Par ailleurs, l’univers dans lequel les joueuses évolueront est construit en collaboration avec la Meneuse lors d’une séance préliminaire en se basant non pas sur un univers préétabli complètement construit ou un scénario préécrit mais sur des directives générales, prenant en compte les attentes des joueuses. La MC est là pour cadrer les différentes scènes et relancer la fiction en se plaçant au service des joueuses, pour faire briller leurs personnages. Et ce sont les joueuses qui construisent l’histoire. En cela, le PBTA s’inscrit dans les jeux de rôle dans lesquels le contrat social préalable revêt énormément d’importance.
L’idée était donc de rendre plus roleplay, plus narrative, la résolution des actions. Beaucoup de jeux de rôle ont repris ce système, plus ou moins devenu mainstream. Parmi ces jeux, on trouve un jeu un peu plus à part créé par une autrice fascinante, Avery Alder. Et on verra un peu plus tard dans cette chronique que c’est cette même Avery Alder qui a créé le système BoB. Avery Alder a designé en 2012 un jeu propulsé par l’Apocalypse (reprenant donc le système PBTA) : Monsterhearts. Au passage, précisons que la v2 de ce jeu, qui actuellement n’est disponible qu’en anglais, a été proposée récemment en financement participatif par Lapin Marteau.

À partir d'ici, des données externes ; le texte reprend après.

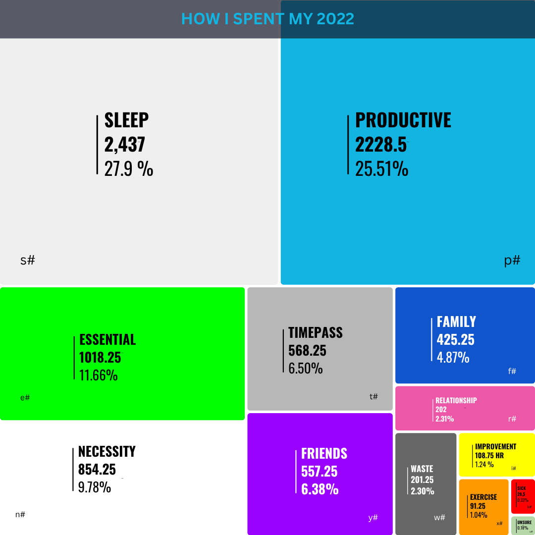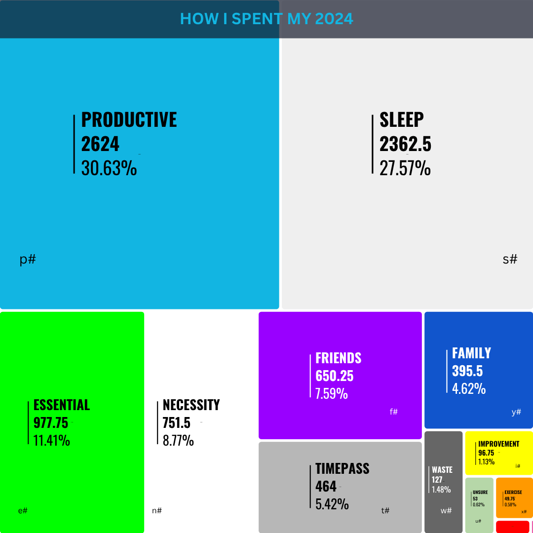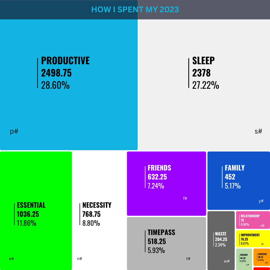 You only sleep about 6.5hrs a night? If I tracked myself, it would look so different. 33% sleep, 20% productive, and a frightening percent on some combination of time waste and leisure.

Monsterhearts puise ses inspirations thématiques dans Buffy contre les vampires, Twilight et d’autres œuvres qui mêlent préoccupations adolescentes et univers surnaturels, la modification du corps, l’éveil à la sexualité, étant des thèmes explorés par le jeu.
Monsterhearts est un jeu résolument revendiqué comme queer par son autrice dans lequel on trouve ses préoccupations en tant que créatrice, au plan mécanique comme au plan thématique. En effet, Avery Alder est résolument militante : elle se définit comme voulant apprendre comment construire des communautés saines, réparer les relations, libérer l’imagination et échapper aux emprises du capitalisme (source : le site de Avery Alder).
Puis en 2013, Avery Alder a proposé un jeu encore plus radical dans son système et ses intentions : Dream Askew, dans lequel elle pose les bases du BoB, système qui sera ensuite repris par d’autres auteurs et autrices de jeu de rôle.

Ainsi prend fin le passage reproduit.